Here is yet another post about About Shoes. If you missed 1-20, you can find them HERE and HERE. I hope that you all enjoy!

21. Grained leather takes the rain best of all i.e. does not show the wear and tear as bad as calf. Suede is next (darker suede that is). Calfskin is actually the most sensitive out of the (main) leathers. So when it rains, wear suede or grained leather. Save your calfskin for dry days (or mild rain).

22. No brown in town = Old World mentality. This is 2014: The future. Wear brown every day, all day if you want. The Italians make it look easy and they nearly always look good. The idea of elegance is not about the colors/clothes you wear but about how you carry yourself and how you treat others.

23. Toe Spring: learn about it. In a simplistic explanation, it’s the amount of space between the ground and the bottom of your sole at the very tip of the toe. Too much of it looks awful and it’s sad to say that most cheap shoes have too much of it as they make shoes from contorted lasts. The worst thing about it is that if it starts bad, it will only get worse. Nothing is more unattractive (and ruins an entire outfit) then the tips of one’s shoes curling up like elf slippers (you know what I am talking about). Moral of the story: buy shoes with minimal toe spring.

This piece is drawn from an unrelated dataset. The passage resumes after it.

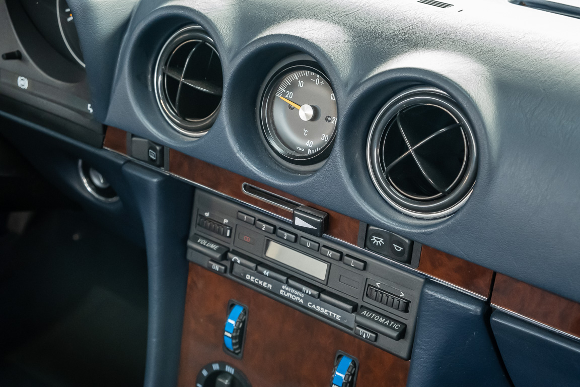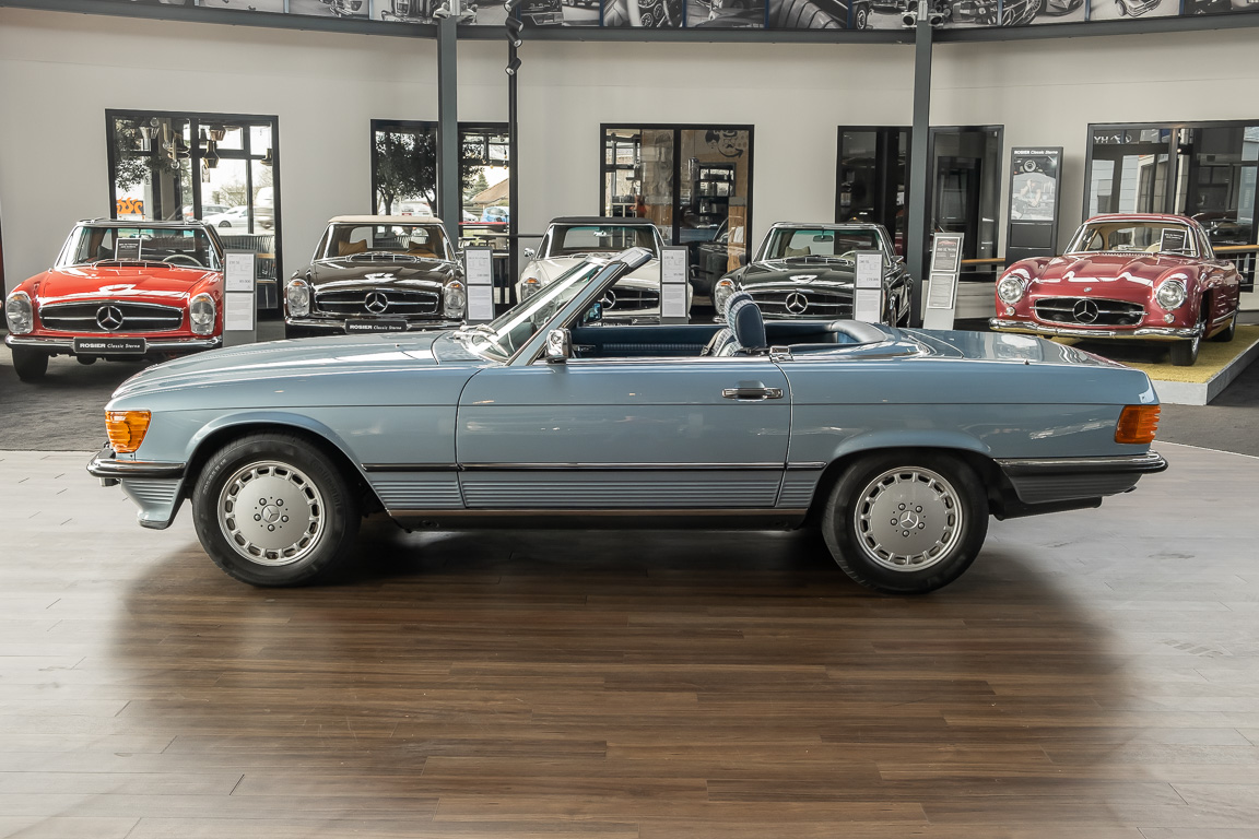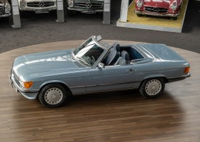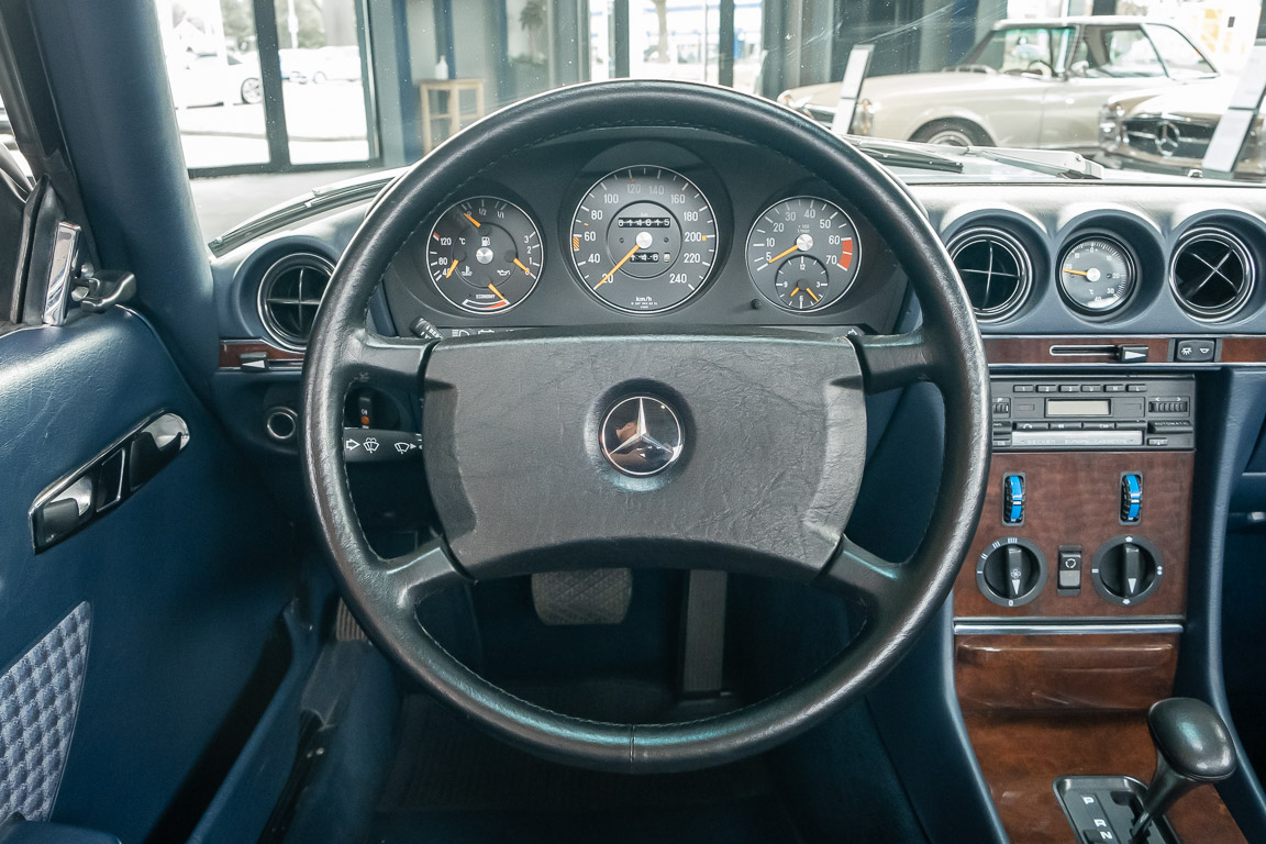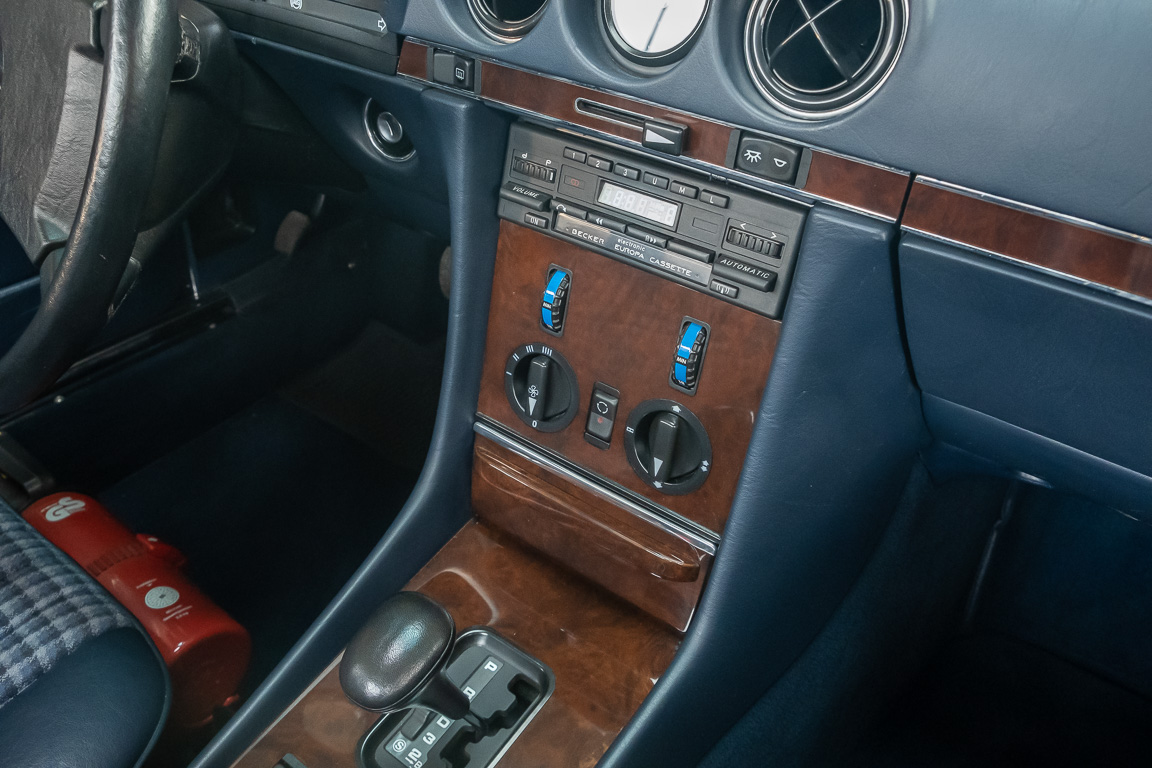 The present service booklet reveals an interesting history of this R107: On May 17, 1988, the vehicle was registered to a renowned hotel in the heart of Zurich. Probably the owner of the hotel fulfilled a long-cherished dream with this diamond-blue gem. Just a few weeks after delivery of the vehicle, in a Zurich suburb, the hotelier set off on a trip to Vigo, a picturesque town on the west coast of Spain. Judging by his Spanish family name, probably a visit to his homeland. It's hard to imagine the gorgeous roads that were traversed on the nearly 2,000-kilometer drive. Past Lake Geneva, through Lyon and Bordeaux, and through Spain's mountainous Basque country.
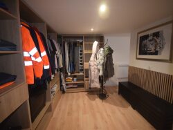 Vous pourrez garer à l'abris sous un porche deux véhicules. Une buanderie, une annexe pour le rangement et un buché vous permettront de stocker les meubles de jardin.

Things To Know About Shoes, Part 3: 21-30

Toe Spring: DON’T

Things To Know About Shoes, Part 3: 21-30

Toe Spring: DO…. Gaziano & Girling photo courtesy of Leffot

24. A balmoral/spat boot can look elegant under a suit. It is probably the only boot that truly can (there are exceptions but it would take too long to list them all). People that say otherwise (i.e. no boots under suits) are part of the “no brown in town” crowd. Victorians/Edwardians did it and to me, they were amongst the most elegant men throughout history.

25. Baggy trousers don’t flatter your shoes. Neither does having too much cloth bunched up at your shoe. If you want to show off your shoes, then you need to taper your trouser to a length that just graces your shoes. That does not mean that they need to be an inch above your ankles or skin tight however. There is a fine line between doing it right and being excessive. A mistake that I have made myself is thinking that I could be the same inseam measurement in every trouser. This is wrong as different trousers will have different rises and thus alter your inseam length. Don’t make the same mistake or you will pay a lot in alternation fees

26. If you are a hard walker (i.e you spring off of the ground with quite some force) and you walk a lot on concrete/pavement you will wear your toes down more significantly in the first few wears then the rest of the life of the shoe. Due to the way that a shoe is made (i.e. with an edged –as opposed to round– line at the sole) and the way we walk (spring off of the ground) it is inevitable. Once we have shaved off (naturally from walking) that edge and the tips of your toes become a bit more rounded, the tip will then begin to wear off at an exponentially decreasing rate. Best to simply affix indented toe taps to prevent wearing your toes down before you even need a resole.

Things To Know About Shoes, Part 3: 21-30

Natural wear and tear, Foster’s Bespoke Archive

27. Exposure to sun will naturally lighten your shoes (over time). Exposure to rain will naturally darken them (over time). Therefore if you have a pair that you want to lighten, polish it with only neutral wax polish and wear it on sunny days. Alternatively if you want to deepen a shoe’s color, wear it in the rain and polish it with one or two shades darker but using cream polish. Never polish tan shoes with black polish. It will only make them streaky and will be very hard to fix. The results are obviously created over time. If you are in a rush, consult a artist.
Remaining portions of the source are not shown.